Su un simile solco argomentativo anche Rudi Alves del Partito comunista che ha insistito sul fatto che l’origine dei problemi è la stagnazione dei salari, nonché sulla necessità di rafforzare i redditi delle famiglie: «L’iniziativa 10% va proprio in questo senso in quanto redistribuisce in modo più equo il peso dei premi. Perché se due terzi della popolazione ticinese deve sostenere costi della salute sopra la soglia del 10% significa che c’è una disfunzione alla base ed è illusorio credere che si possa fare un contenimento significativo dei costi della salute per risolverlo». D’altro canto, se approvata, l’iniziativa «sposterebbe la responsabilità dell’aumento dei premi dai cittadini al Cantone obbligandolo ad agire per ridurre gli sprechi, favorire la prevenzione e pianificare meglio l’offerta ospedaliera, evitando la costosa pseudo-concorrenza tra pubblico e privato».
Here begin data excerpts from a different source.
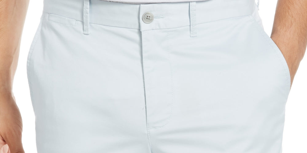 The refined slim fit and unrestrictive stretch twill of these chino shorts from Original Penguin make them a must-have for warm-weather style and comfort. | Approx. inseam; 8| Slim fit; slim taper through legs and thighs| Zip fly with button closure| Two side hand pockets; coin pocket at right waist; two back button-through welt pockets| Stretch performance| Tonal logo embroidery above right back pocket
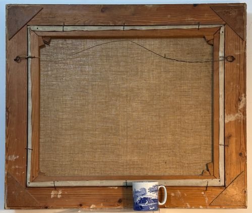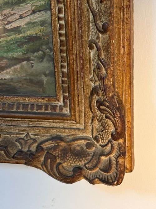 The painting is housed in the originally gilded wooden frame which is not heavily gilded, perhaps more of a wash.
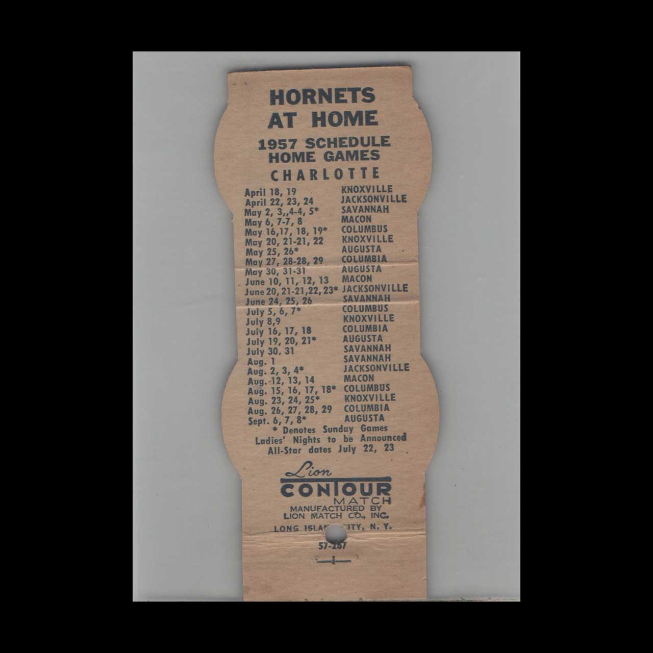 Clark Griffith Park, home of the Charlotte Hornets baseball team, showcases the 1957 season schedule. A nostalgic piece of Americana for vintage matchbook collectors.
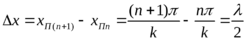 Легко показать, что, как и в случае пучностей, расстояние между соседними узлами равно
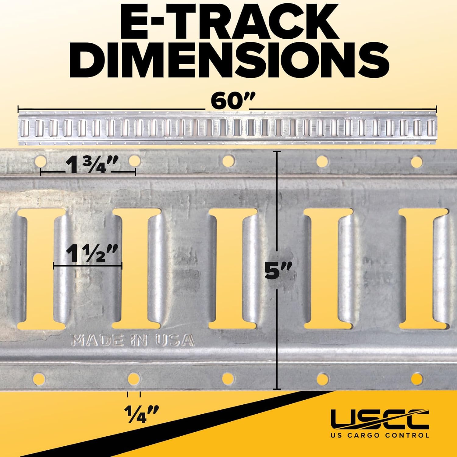 US Cargo Control E Track, Made in USA, 12 Gauge Steel 5 FT Galvanized E Track Rail, Horizontal ETrack Rails for Trailers, Garages, Cargo Vans, 6,000 Pounds Break Strength Per E-Track Slot
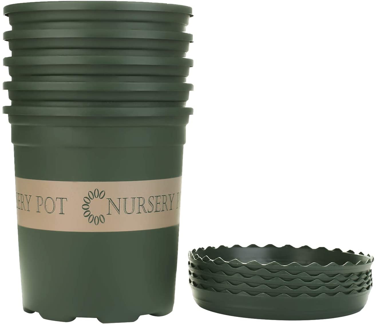 Akarden 5PCS 1 Gallon Nursery Pot Garden Planter Pots Nursery Plant Container with 5PCS Pallet (ArmyGreen)

Rocco Vitale dei Verdi ha invece confrontato l’Iniziativa per il 10% definita «una vera e propria boccata d’ossigeno» con quella della Lega dei ticinesi denominata ‘Basta spennare il cittadino, cassa malati deducibile integralmente!’, anch’essa in votazione popolare il 28 settembre, definita dall’esponente del partito ecologista «la classica ricetta della destra che privilegia esclusivamente i redditi più alti». Vitale ha usato un esempio esplicativo: «Una famiglia del ceto medio con un reddito di 117’000 franchi con l’iniziativa 10% risparmierebbe 4’000 franchi, ma solo 291 franchi con quella leghista. Mentre una famiglia con un reddito alto di 250’000 franchi non otterrebbe alcun beneficio dalla prima iniziativa, ma guadagnerebbe 1’760 franchi con quella leghista». C’è pertanto «solo un’iniziativa in votazione che porta sollievo reale al certo medio e pone le basi affinché la salute venga nuovamente considerata come un diritto fondamentale e non un peso economico insostenibile», ha concluso Vitale, «ed è quella del 10%».